Secondo Greenpeace sono oltre 3 mila le segherie abusive che lavorano nella zona. L’Amazzonia brasiliana è un insieme geografico molto complesso: non è solo piante e animali. È soprattutto acqua. È il più grande bacino idrografico del mondo (7 milioni di km quadrati contro i 2,8 del Nilo) e questa risorsa primaria è minacciata dalle crescenti dighe e dall’innalzamento climatico che alza sempre di più il livello delle nevi perenni sulle Ande, che alimentano il Rio delle Amazzoni. Il rubinetto del più grande fiume del Mondo si stia progressivamente chiudendo.

 LE STRADE – Per facilitare la crescita economica della regione la giunta militare brasiliana già all’inizio degli anni 70, oltre ad offrire incentivi agli imprenditori interessati allo sviluppo delle «fazendas», cominciò ad aprire quelle che venivano chiamate le «strade del progresso». Una tra tutte: la Transamazonica. Una strada lunga 5mila e 500 chilometri che dal Nordest del paese avrebbe dovuto tagliare tutta l’Amazzonia brasiliana fino al confine con il Perù. Il disegno era quello di portare 100mila famiglie a lavorare nei latifondi. Oggi, dopo 35 anni, è una striscia di asfalto abbandonata che viene utilizzata in alcuni tratti per gare di rally e di motocross.

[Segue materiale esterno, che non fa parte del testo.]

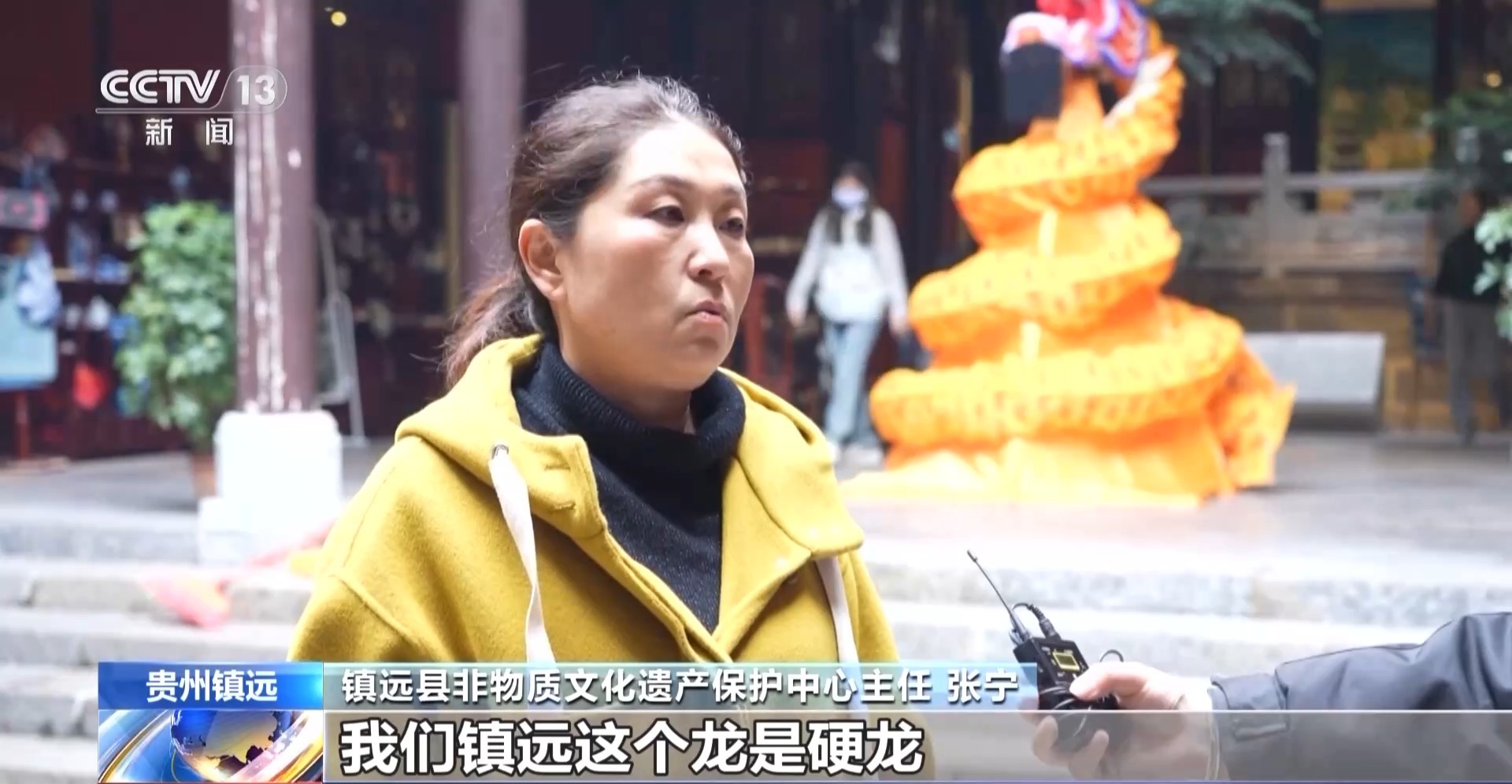 镇远县非物质文化遗产保护中心主任 张宁:我们镇远这个龙是硬龙,它是用竹篾条编扎的,玩的时候上下腾飞,雄俊昂扬。一般龙都有三十多米,这次筹备的龙有十三节,十五个精壮汉子才能把龙舞起来。

Ma il “progresso” non si ferma: nel 2001 è stata inaugurata l’autostrada Managua-Caracas e nel 2005 si è dato il via al progetto dell’autostrada Transoceanica, senza dimenticare la nuova «Soia highway», che dovrà collegare Manaus con gli sbocchi al mare del Perù.

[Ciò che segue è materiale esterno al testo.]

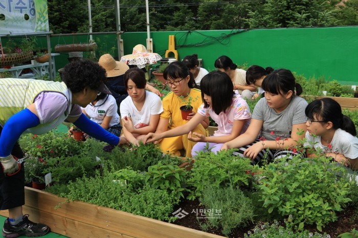 | ▲ 성수1가 제2동 주민센터가 지역내 유휴공간을 활용해 만든 허브농원을 찾은 주민들이 허브 체험행사에 참여 중인 모습. 허브 농원에서 발생하는 수익금은 소외계층 배려사업에 쓰이고 있다. | ||

LE LOTTE E LE ALTERNATIVE AL “PROGRESSO” – Chico Mendes è stato uno dei tanti sindacalisti dei seringueiros uccisi in Brasile – cinque solo negli anni ’80 – ma è certamente il più famoso. È considerato l’inventore dell’«empate», cioè dell’occupazione collettiva e non violenta di una zona destinata alla deforestazione. La prima forma di lotta di questo tipo risale al 1976. Da allora, in buona parte della popolazione locale, grazie al lavoro di Mendes e dei suoi compagni, tra i quali per un periodo anche l’attuale presidente Lula, si è sviluppata la consapevolezza che questa regione brasiliana deve difendere un modello di sviluppo diverso da quello arrivato con le «strade del progresso».

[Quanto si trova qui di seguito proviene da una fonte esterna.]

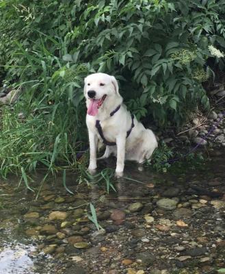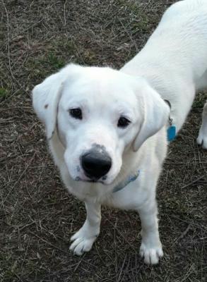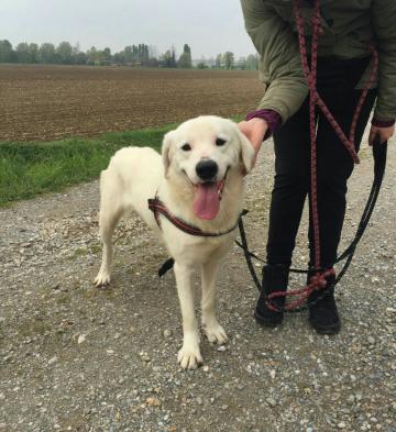 Bianco è un Mix labrador che non ha niente da invidiare a un labrador vero e che ha il suo marchio DOP in un piccolo pallino nero sull'orecchio...che lo rende davvero unico!

La ricchezza dell’Amazzonia è immensa, ma bisogna saperla raccogliere e preservare. Fino ad ora è accaduto il contrario. Le attività estrattive naturali potrebbero evitare il fenomeno dell’emigrazione nelle favelas urbane delle popolazioni locali: dall’albero del lattice alle noci brasiliane, all’infinita quantità di erbe e piante medicinali. La foresta in questo contesto è in grado di rigenerarsi, ma se vengono bruciati centinaia di ettari per fare agricoltura e allevamento su larga scala il suolo diventa sterile e si ottiene il deserto.

Il Wwf, che insieme ad altre organizzazioni internazionali sta lanciando da tempo allarmi spesso inascoltati sulla situazione dell’Amazzonia, e sta collaborando con le popolazioni locali a progetti di sviluppo compatibile, ha deciso di riaccendere i riflettori internazionali su questa area del pianeta. Ha organizzato un giro nelle regioni brasiliane dell’Acre e di Rondonia. Corriere.it seguirà quest’iniziativa e ne darà conto.